TASK ITEM =
Transcribe exactly, and only, the lines running from the one that contains "The Oscar Wilde" through the last line of the material. No pictures.

PROVIDED MATERIAL =
———

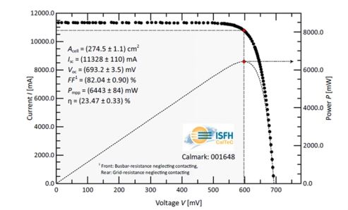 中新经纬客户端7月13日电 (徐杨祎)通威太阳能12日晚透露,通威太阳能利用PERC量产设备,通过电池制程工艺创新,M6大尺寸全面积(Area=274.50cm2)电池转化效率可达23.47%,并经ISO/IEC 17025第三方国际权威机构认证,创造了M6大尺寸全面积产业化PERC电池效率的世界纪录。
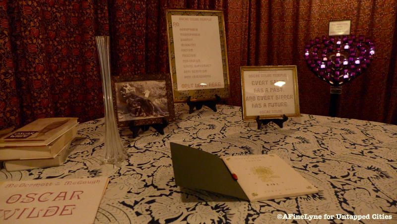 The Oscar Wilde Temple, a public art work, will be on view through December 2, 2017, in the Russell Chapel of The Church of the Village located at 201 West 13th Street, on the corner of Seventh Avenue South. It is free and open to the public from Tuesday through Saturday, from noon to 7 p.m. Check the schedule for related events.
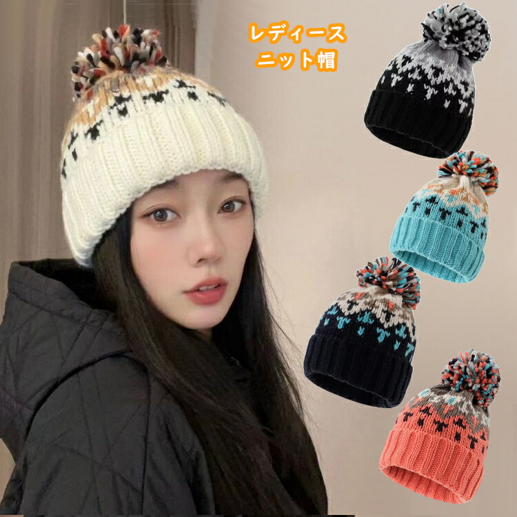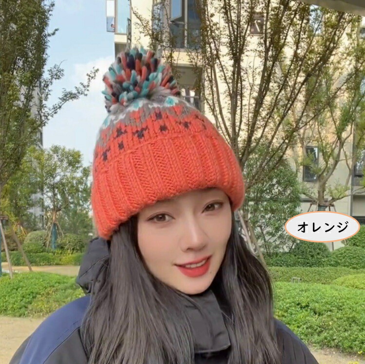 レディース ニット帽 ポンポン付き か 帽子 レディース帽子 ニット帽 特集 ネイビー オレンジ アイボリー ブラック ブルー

———

REPLY =
 The Oscar Wilde Temple, a public art work, will be on view through December 2, 2017, in the Russell Chapel of The Church of the Village located at 201 West 13th Street, on the corner of Seventh Avenue South. It is free and open to the public from Tuesday through Saturday, from noon to 7 p.m. Check the schedule for related events.
 レディース ニット帽 ポンポン付き か 帽子 レディース帽子 ニット帽 特集 ネイビー オレンジ アイボリー ブラック ブルー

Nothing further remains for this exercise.